• _WORK TASK_: Would you reproduce each of the records below precisely, with the pictures left out?

SUPPLIED RECORDS: Begin

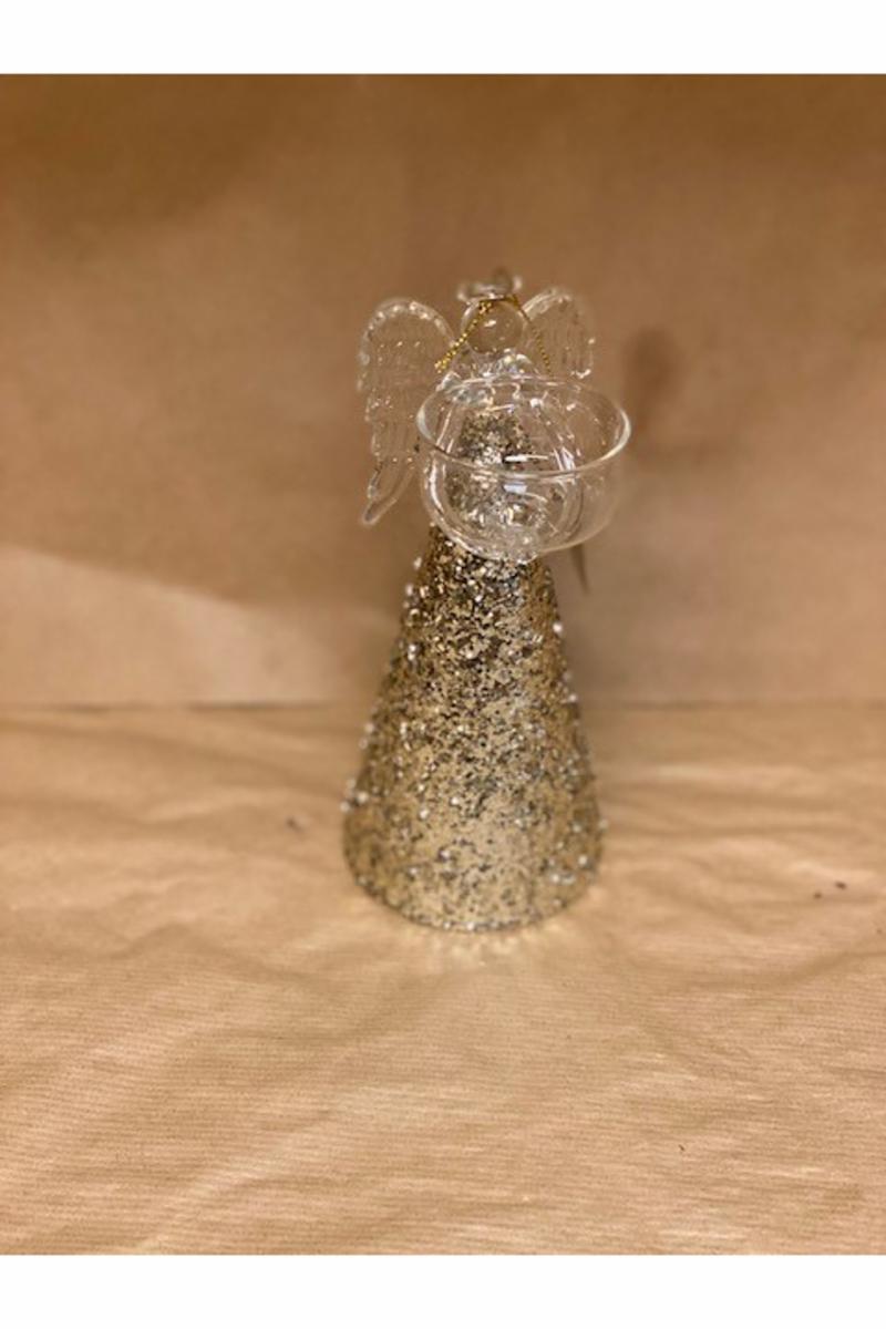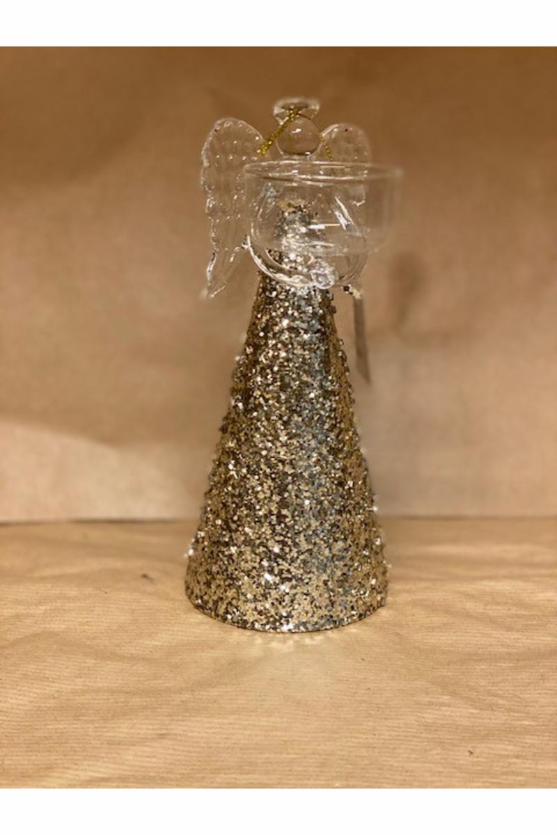 vakker glassengel til telys, med glitter skjørt.
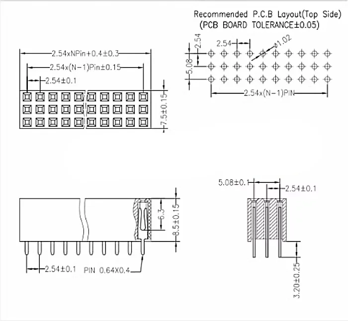 1 Uds 2,54mm 3*40P tres filas macho y hembra 3x40 conector pin PCB separado fila de pines 3x40p pies chapados en oro cabezal doblado de 90 grados
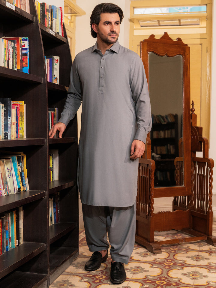 Grey Blended Kameez Shalwar - ALWA-KS-531
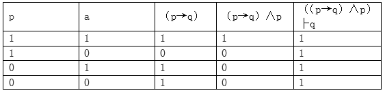 用真值表来验证((p→q)∧p)├q是否为有效式。 作者:高老师 时间:2024-07-24 浏览 0 用真值表来验证((p→q)∧p)├q是否为有效式。【正确答案】:能必然得出结论,因为相容选言推理否定部分选言支,可以肯定其他选言支。【题目解析】:((p→q)∧p)├q的真值表如下:[图1]由上表可知,((p→q)∧p)├q为永真式,所以是有效式。 📱 扫码体验刷题小程序 扫一扫使用我们的微信小程序
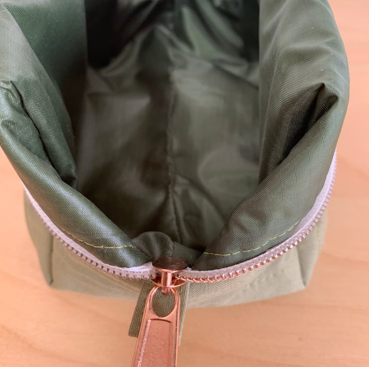 The box shape makeup bag was created as an alternative to straight sided bags that I had previously made. It took a while to perfect the method of the fully enclosed lining, but it was worth the time and effort to achieve such a lovely neat finish.

SUPPLIED RECORDS: End

• _EXPECTED ANSWER_:
 vakker glassengel til telys, med glitter skjørt.
 1 Uds 2,54mm 3*40P tres filas macho y hembra 3x40 conector pin PCB separado fila de pines 3x40p pies chapados en oro cabezal doblado de 90 grados
 Grey Blended Kameez Shalwar - ALWA-KS-531
 用真值表来验证((p→q)∧p)├q是否为有效式。 作者:高老师 时间:2024-07-24 浏览 0 用真值表来验证((p→q)∧p)├q是否为有效式。【正确答案】:能必然得出结论,因为相容选言推理否定部分选言支,可以肯定其他选言支。【题目解析】:((p→q)∧p)├q的真值表如下:[图1]由上表可知,((p→q)∧p)├q为永真式,所以是有效式。 📱 扫码体验刷题小程序 扫一扫使用我们的微信小程序
 The box shape makeup bag was created as an alternative to straight sided bags that I had previously made. It took a while to perfect the method of the fully enclosed lining, but it was worth the time and effort to achieve such a lovely neat finish.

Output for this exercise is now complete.